Leider sind wir nicht alle regelmäßige Besucher vom Dorschfestival und sind somit auf Infos anderer (z.B. das Anglerboard) angewiesen. Ich wußte nicht das ich mir bei der Reederei einen Platz reservieren lassen kann. Also die Jungs die zuerst "ich bin dabei" geschrien haben, haben die Poleposition bekommen??? Dann Zweifel ich aber ganz stark an der Durchführung eines fairen Vergleichsangeln. 

Viel schlimmer aber finde ich das gerade das Anglerboard (der kompetente Mitstreiter) die Informationen zum Dorschfestival erst so spät bekommen hat. 



> ich find es super, dass es die kapitäne geschafft haben, den event trotzdem stattfinden zu lassen.


 
Da bin ich der gleichen Meinung wie Du!!!! #6 #6 #6


----------



## powercat (13. März 2006)

*AW: Kommentare zu: Dorschfestival Heiligenhafen 2006 findet statt*

den schwarzen peter des "drum kümmerns" muss sich die stadt heiligenhafen anziehen. wenn man mal überlegt, dass es vor einigen jahren einen eintrag ins guiness buch der rekorde gegeben hat (größte meeresangelveranstaltung mit über 800 teilnehmern!) und jetzt nur noch ca. 300-350 personen pro veranstaltungen da sind! irgendwann hat sich der kurprinz gedacht, wälze doch einmal die ganze (angler besorgen!) arbeit auf die kutter ab. ist doch viel weniger aufwand für die stadt! prima. 

zum thema platz aussuchen.
anmelden musst du dich immer schnell, egal wo.
in laboe musst du schon (wenn du einer der glücklichen leute bist, der schon mal da war und über post informiert wirst!) sehr kurze zeit nach posteingang deine anmeldung faxen, damit du als gruppe überhaut eine chance hast!
...und die plätze an bord werden jeden tag, nach ablegen neu verlost!!!
pro tag 2 plätze (bei vollem boot - ca. 12 plätze weiterrutschen, damit jeder einmal einen "guten" und "weniger gut" platz bekommt. also: FAIR!

und, wer mal öfter (auch so mal von hh aus fährt) wird immer wieder feststellen....(fast) alle kutter treffen sich im laufe des tages auf dem ein oder anderen "fangplatz".


----------



## Klaus S. (13. März 2006)

*AW: Kommentare zu: Dorschfestival Heiligenhafen 2006 findet statt*



> zum thema platz aussuchen.
> anmelden musst du dich immer schnell, egal wo.


 
Nö, beim DMV hat man genug Zeit um sich anzumelden. 
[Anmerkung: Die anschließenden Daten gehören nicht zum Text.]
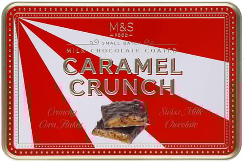 Die Milk Chocolate Coated Caramel Crunch von M&S besteht aus knusprigen Cornflakes, überzogen mit süßem Karamell und umhüllt von Schweizer Milchschokolade. Sie eignet sich als Snack für den Nachmittagskaffee oder als Teil einer Geschenkidee.

> ...und die plätze an bord werden jeden tag, nach ablegen neu verlost!!!
> pro tag 2 plätze (bei vollem boot - ca. 12 plätze weiterrutschen, damit jeder einmal einen "guten" und "weniger gut" platz bekommt. also: FAIR!


 
Dann gehts ja noch... Zwar immer noch nicht ganz Fait aber immerhin :m 



> und, wer mal öfter (auch so mal von hh aus fährt) wird immer wieder feststellen....(fast) alle kutter treffen sich im laufe des tages auf dem ein oder anderen "fangplatz".


 
Genau... nur fast alle |rolleyes  Und ich bin nicht von HH aus gefahren sondern von SH |supergri 

Ich war beim 1. Dorschfestival dabei und da sind so einige Kutter auf der Strecke geblieben da der Wind nämlich ganz gut geblasen hat. Beim 1. Event waren auch noch viele kleinere Kutter dabei und die hatten gar keine Chance den größeren Kuttern zu folgen. 
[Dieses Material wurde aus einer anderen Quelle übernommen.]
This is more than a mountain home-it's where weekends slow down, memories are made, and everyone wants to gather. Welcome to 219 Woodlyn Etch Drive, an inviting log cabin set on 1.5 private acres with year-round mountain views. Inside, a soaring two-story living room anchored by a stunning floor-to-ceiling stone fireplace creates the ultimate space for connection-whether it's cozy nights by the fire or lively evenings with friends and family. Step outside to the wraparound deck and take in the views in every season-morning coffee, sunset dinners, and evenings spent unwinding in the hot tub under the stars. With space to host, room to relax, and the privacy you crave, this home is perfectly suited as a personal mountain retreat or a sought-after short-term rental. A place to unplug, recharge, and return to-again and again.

Hab ich ganz vergessen.... |welcome:  on Board.


----------



## robi_N (14. März 2006)

*AW: Kommentare zu: Dorschfestival Heiligenhafen 2006 findet statt*



			
				powercat schrieb:
			
		

> p.s. zum kollegen robi n
> ich weiss ja nicht von welchen kuttern du schlechtes hörst??
> aber es gibt auch gute kutter in hhafen, nur den fisch musst du schon selber fangen. wenn du in norwegen scheiss wetter hast, fährst du auch nicht raus.
> wäre ein leichtes, sich mal über die wetterlage kundig zu machen. anruf beim kutterkapitän genügt meistens. und....schon lange gibt es auf see 0,0 promille. wäre ganz schön mutig dein mann am ruder !!




Hi Udo,

also erst mal lag es nicht an der Wetterlage sondern daran das die Tour nicht ausgebucht war. Das eine Tour nicht ausgebucht ist weiss ich aber nicht erst ein paar Stunden bevor es los geht. Ich hatte extra noch zwei Tage vorher angerufen und gefragt wie es aussieht und ob die Tour klar geht was ganz klar bejat wurde. So hätten wir das geklärt. 
Ich drehe ja niemandem einen Strick aus nem beschissenen Wetter.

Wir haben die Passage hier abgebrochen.